First, note that convergence is becoming more common, at least in officials’ and ministers’ thinking, and unthinking divergences are becoming less common. This is partly organic — as the two economies integrate common rules become more commonsense. It is also due to an elevated interest by Australian Prime Minister John Howard (from the outset of his prime ministership in 1996 when he quickly repaired the damaged peak-level relationship) and Treasurer Peter Costello (from 2003 when he instituted annual meetings with New Zealand Finance Minister Michael Cullen and instructed the Treasury to take an active interest in the SEM process and thus bring it more centre-stage in the internal Australian political debate from where it had been parked in the trade portfolio and with individual ministers’ bilateral initiatives). There is now some momentum, even if still uneven and frustratingly slow — note the ambitious memorandum of understanding on “coordination” of business law signed in February 2006 which spans a wide range of topics. (4) It helped, too, that antipathy to New Zealand because of its defence policies mellowed in the wake of New Zealand’s active involvement in East Timor, Afghanistan and the Solomon Islands.(5)

Second, New Zealand ministers have become more willing to align or approximate New Zealand law with Australia’s, beginning with competition law early this decade and now, for example, a factor in tax law (within limits). In drafting new bills and regulations, New Zealand ministers and officials do often take note of Australian law and practice, at least as an option.

There are sovereignty limits to tax convergence: Australia’s unwillingness to agree to full mutual recognition of tax franking/imputation of dividends attests to that. Nevertheless, New Zealand is about to align its company tax rate with Australia’s recently lowered rate, despite the fact that in total Australian companies pay in addition capital gains and payroll taxes (not to mention compulsory superannuation supplementation) which are not levied in New Zealand. Revenue Minister Peter Dunne, in a speech on 2 March, set out a “goal of being competitive with Australia” in tax rules and invited his audience to “see an Australian focus in a number of our reforms which are under way”. Officials’ proposals for revamped life insurance law “have certain conceptual similarities to Australia’s rules” and the current review of tax on companies’ offshore income “takes as its starting point the Australian rules”, particularly the reduction of withholding rates in double tax agreements, even though that is “a fundamental departure from the principles underlying the current New Zealand tax system”(6). A future National-led government is likely to adopt the Australian practice of tax concessions to encourage private health insurance and schooling and to lower personal rates and lift thresholds. Perhaps I should add that the traffic has not been all one-way: Australia’s GST is modelled on New Zealand’s though not as clean.

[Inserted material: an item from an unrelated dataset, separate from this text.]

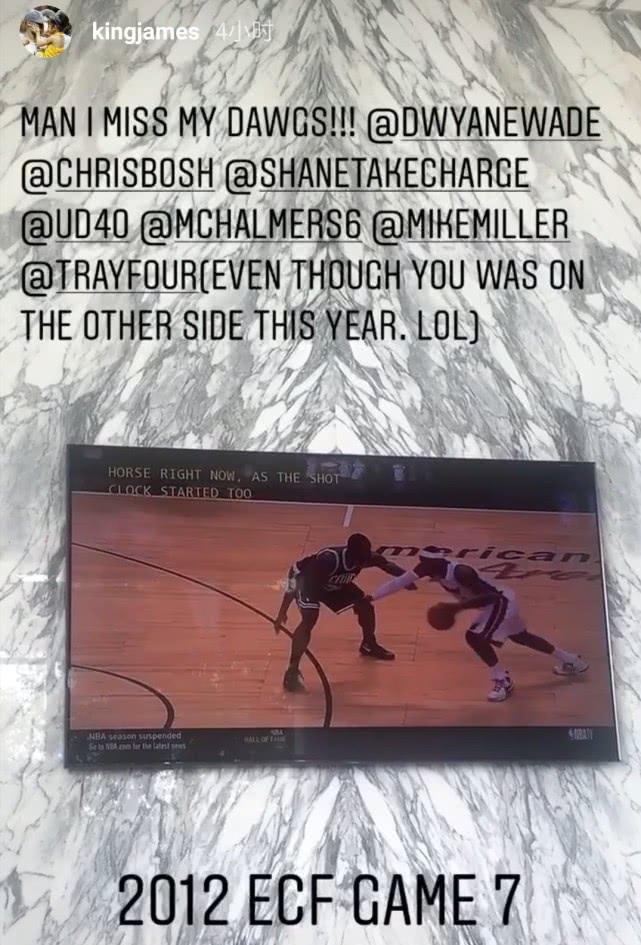北京时间4月6日,湖人球星勒布朗-詹姆斯在家中观看了2012年东部决赛第七战的录像,并连续更新七条相关的动态。这位35岁的全明星,表示自己很想念昔日的队友。

The third factor facilitating convergence is that New Zealand ministers’ and officials’ willingness to consider alignment or convergence represents a relaxation of — or, depending on your point view, a lapse from — the principle of light-handed generic regulation, which contrasts with Australia’s often more prescriptive, heavy-handed regimes. This relaxation has been matched on the other side by John Howard’s move toward lighter regulation in some areas, notably labour. This has reduced the potency of an argument that from the 1980s onward militated against alignment for the sake only of trans-Tasman transactions, an argument still mounted by some (including myself): that regulation should not diminish international competitiveness and that if alignment with Australia does that, the gains in trans-Tasman trade from alignment are illusory.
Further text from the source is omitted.